In 1975, Thomas Alfred Taylor was charged with raping a 12-year-old girl in his pickup truck off a highway in Arkansas' Washington County. Details of that night and the subsequent court proceedings were painstakingly reconstructed in 2008 by Glenn Thrush, then a reporter for Newsday and now with Politico.
While the girl willingly went for a ride with Taylor, she said she did not consent to sex and was later admitted to a hospital with injuries consistent with rape.
At his court hearing, Taylor asked for a woman to represent him. According to Thrush's report, the county had just a "half-dozen" female attorneys available. A judge appointed Clinton, new to the South and looking to establish the University of Arkansas' fledgling legal aid clinic, to the task.
Clinton mounted a vigorous defense that included discrediting the child victim's story by writing in an affidavit that the girl was "emotionally unstable with a tendency to seek out older men" and had made "false accusations" in the past. The victim told Thrush in 2008 and the Daily Beast that Clinton made that up. But investigators in the case also found inconsistencies in the victim's story, according to Thrush's reporting.
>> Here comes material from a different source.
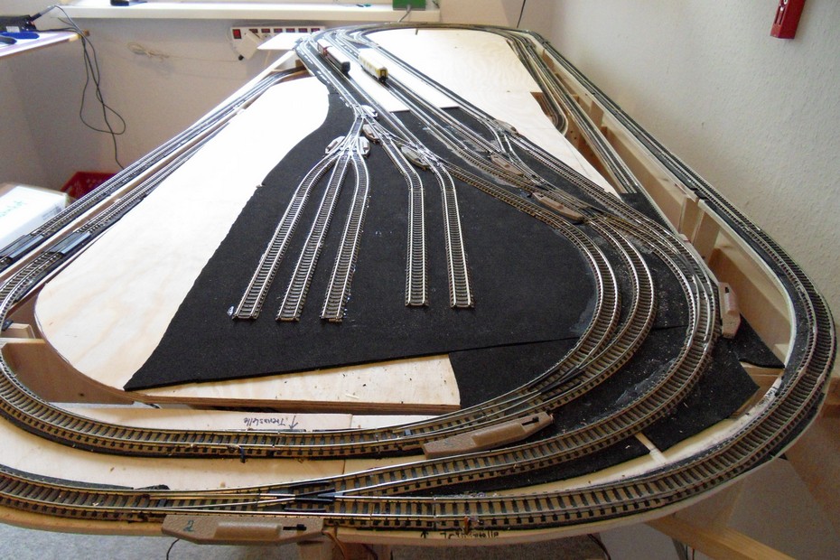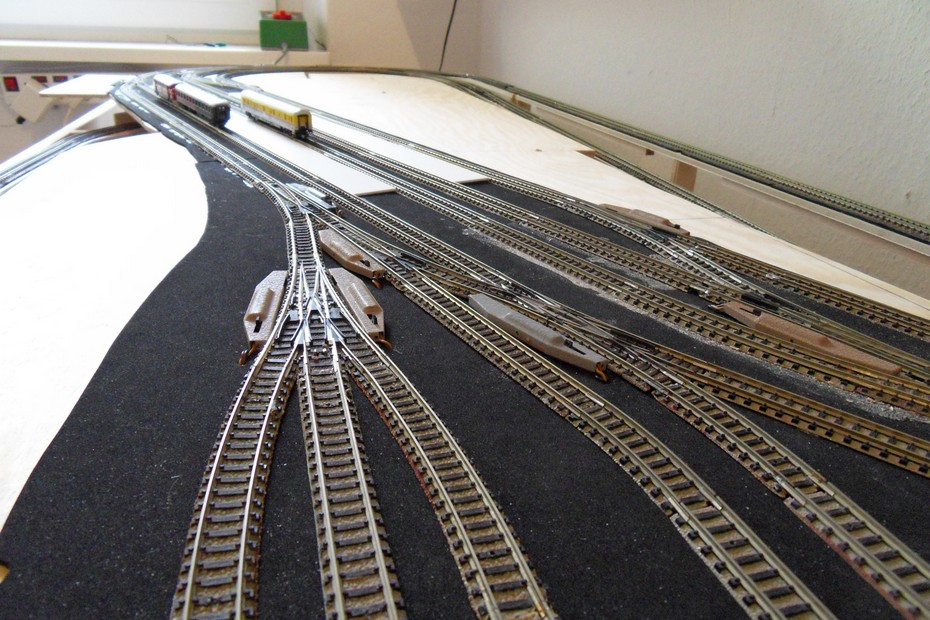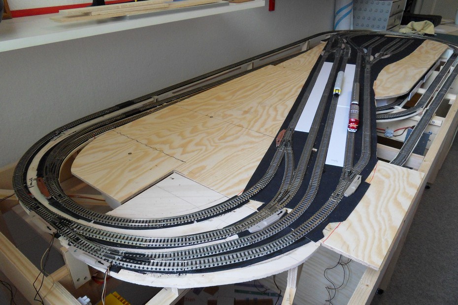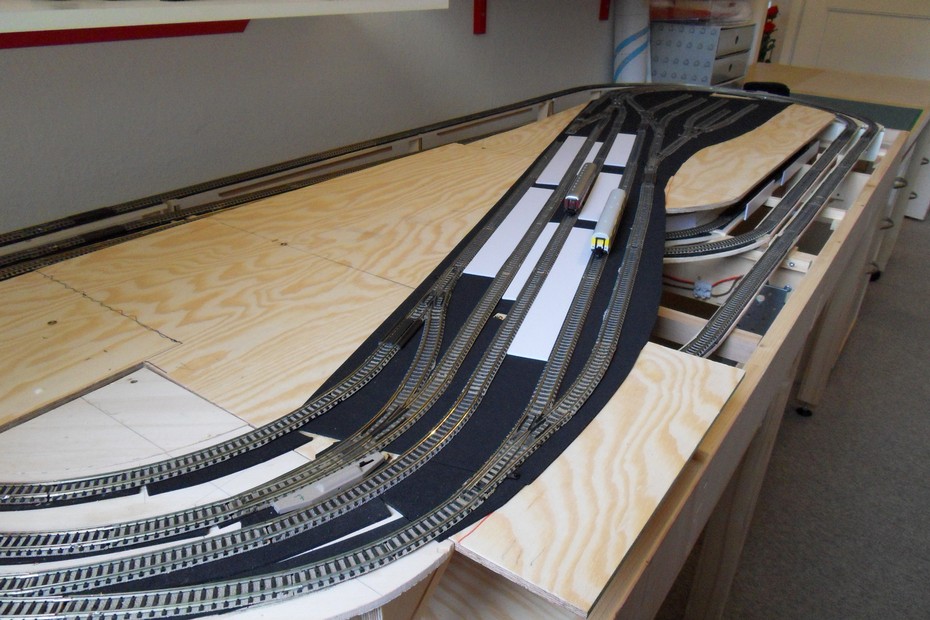 Auf das Grundgerüst wurden die Stützen für die Bahnhofsplatte geklebt. Darauf habe ich die Bahnhofsplatte aus 6 mm Sperrholz geschraubt. Die Dämmung aus 2 mm Zellkautschuk folgte als nächstes.Der Gleisplan wurde übertragen und die Gleise vor der Fixierung zur Probe ausgelegt.

Those details didn't make it into Clinton's memoir Living History or her recollections of the case in the newly released interview. She does note that the defendant passed a lie-detector test - "which forever destroyed my faith in polygraphs," she said in the 1980s - and she said the prosecution botched one of the most important pieces of evidence, Taylor's blood-stained underwear. She called it a "terrible case."
Taylor, charged with first-degree rape, ultimately pleaded guilty to unlawful fondling of a minor. He died in 1992.
Clinton's words
"A prosecutor called me years ago, and said that he had a guy who was accused of rape and the guy wanted a woman lawyer," Clinton said. "Would I do it as a favor to him?"
Washington County prosecutor Mahlon Gibson "called to tell me an indigent prisoner accused of raping a twelve-year-old girl wanted a woman lawyer. Gibson had recommended that the criminal court judge, Maupin Cummings, appoint me. I told Mahlon I really don't feel comfortable taking on such a client, but Mahlon gently reminded me that I couldn't very well refuse the judge's request."